── PROVIDED INFORMATION ──

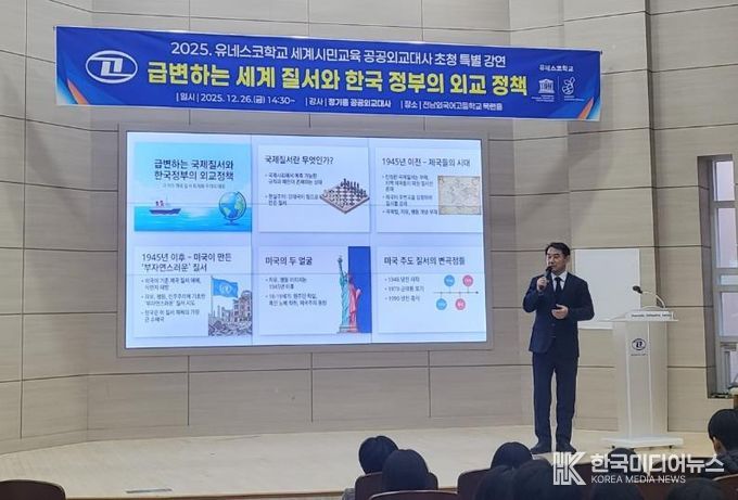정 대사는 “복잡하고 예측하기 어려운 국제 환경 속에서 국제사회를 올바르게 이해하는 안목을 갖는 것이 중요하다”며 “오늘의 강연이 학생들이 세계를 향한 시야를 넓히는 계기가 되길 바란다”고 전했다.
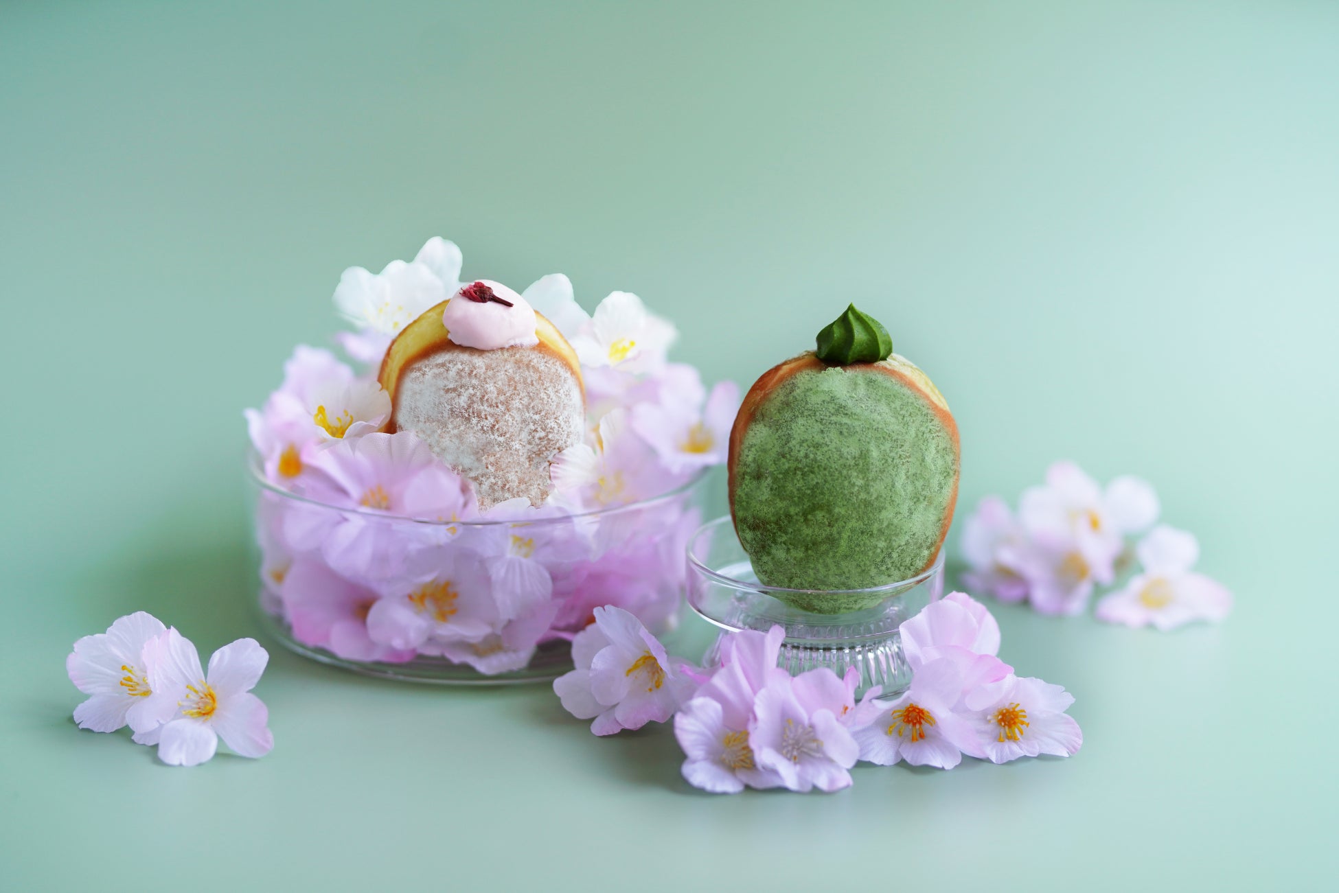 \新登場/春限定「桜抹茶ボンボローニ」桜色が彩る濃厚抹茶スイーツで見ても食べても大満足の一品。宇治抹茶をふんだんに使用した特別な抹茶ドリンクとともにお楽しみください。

───
── PROVIDED INFORMATION ──

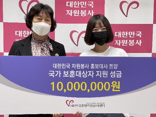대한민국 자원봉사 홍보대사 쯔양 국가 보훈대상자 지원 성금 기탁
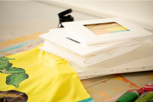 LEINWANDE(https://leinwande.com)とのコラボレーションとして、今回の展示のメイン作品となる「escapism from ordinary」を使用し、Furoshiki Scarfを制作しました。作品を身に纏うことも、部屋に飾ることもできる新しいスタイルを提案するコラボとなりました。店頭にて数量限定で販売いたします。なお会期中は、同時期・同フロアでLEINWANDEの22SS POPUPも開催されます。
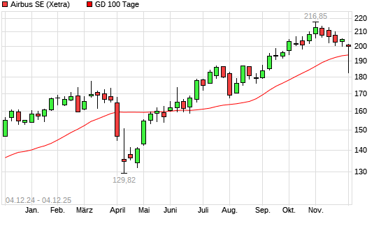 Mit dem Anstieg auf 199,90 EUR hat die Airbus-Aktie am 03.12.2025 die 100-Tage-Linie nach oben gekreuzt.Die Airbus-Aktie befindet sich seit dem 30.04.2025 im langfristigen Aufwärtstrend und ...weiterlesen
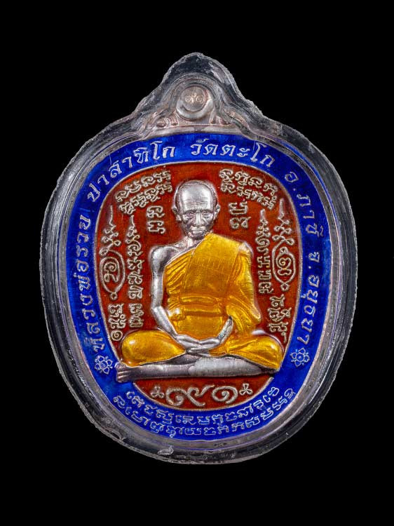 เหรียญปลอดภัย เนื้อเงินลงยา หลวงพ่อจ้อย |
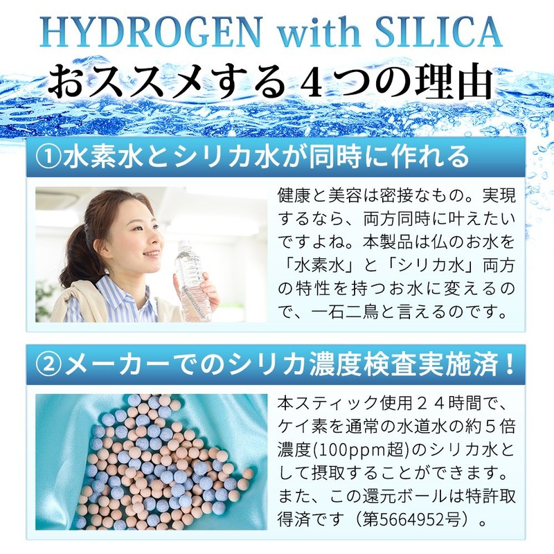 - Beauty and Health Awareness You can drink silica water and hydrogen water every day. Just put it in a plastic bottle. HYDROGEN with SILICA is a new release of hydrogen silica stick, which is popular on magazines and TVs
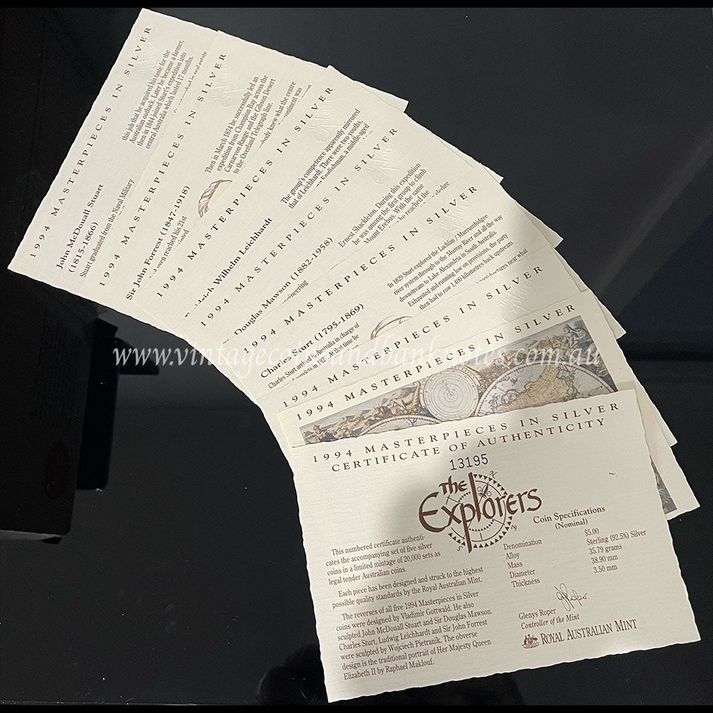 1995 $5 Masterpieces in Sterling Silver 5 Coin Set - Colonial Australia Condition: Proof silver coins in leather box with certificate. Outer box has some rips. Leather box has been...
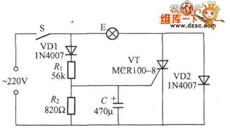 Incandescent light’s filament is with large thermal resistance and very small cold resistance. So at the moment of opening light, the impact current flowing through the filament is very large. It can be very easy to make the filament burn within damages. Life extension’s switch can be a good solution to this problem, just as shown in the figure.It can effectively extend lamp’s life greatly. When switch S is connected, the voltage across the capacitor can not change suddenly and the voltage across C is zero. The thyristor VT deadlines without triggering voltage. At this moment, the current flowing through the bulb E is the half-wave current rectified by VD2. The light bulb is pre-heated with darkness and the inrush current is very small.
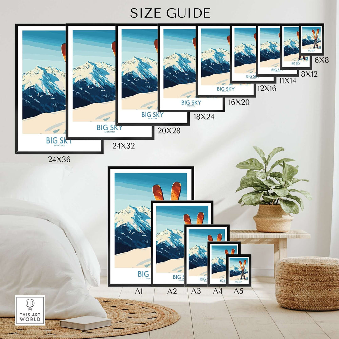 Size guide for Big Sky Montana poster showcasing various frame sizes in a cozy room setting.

───

[EXERCISE OBJECTIVE]
Within the listing above, find the line containing "대한민국 자원봉사 홍보대사 쯔양 국가 보훈대상자 지원 성금 기탁" and the line containing "เหรียญปลอดภัย เนื้อเงินลงยา หลวงพ่อจ้อย |". Transcribe them and everything between them exactly, leaving out the pictures.

[ANSWER SECTION]
대한민국 자원봉사 홍보대사 쯔양 국가 보훈대상자 지원 성금 기탁
 LEINWANDE(https://leinwande.com)とのコラボレーションとして、今回の展示のメイン作品となる「escapism from ordinary」を使用し、Furoshiki Scarfを制作しました。作品を身に纏うことも、部屋に飾ることもできる新しいスタイルを提案するコラボとなりました。店頭にて数量限定で販売いたします。なお会期中は、同時期・同フロアでLEINWANDEの22SS POPUPも開催されます。
 Mit dem Anstieg auf 199,90 EUR hat die Airbus-Aktie am 03.12.2025 die 100-Tage-Linie nach oben gekreuzt.Die Airbus-Aktie befindet sich seit dem 30.04.2025 im langfristigen Aufwärtstrend und ...weiterlesen
 เหรียญปลอดภัย เนื้อเงินลงยา หลวงพ่อจ้อย |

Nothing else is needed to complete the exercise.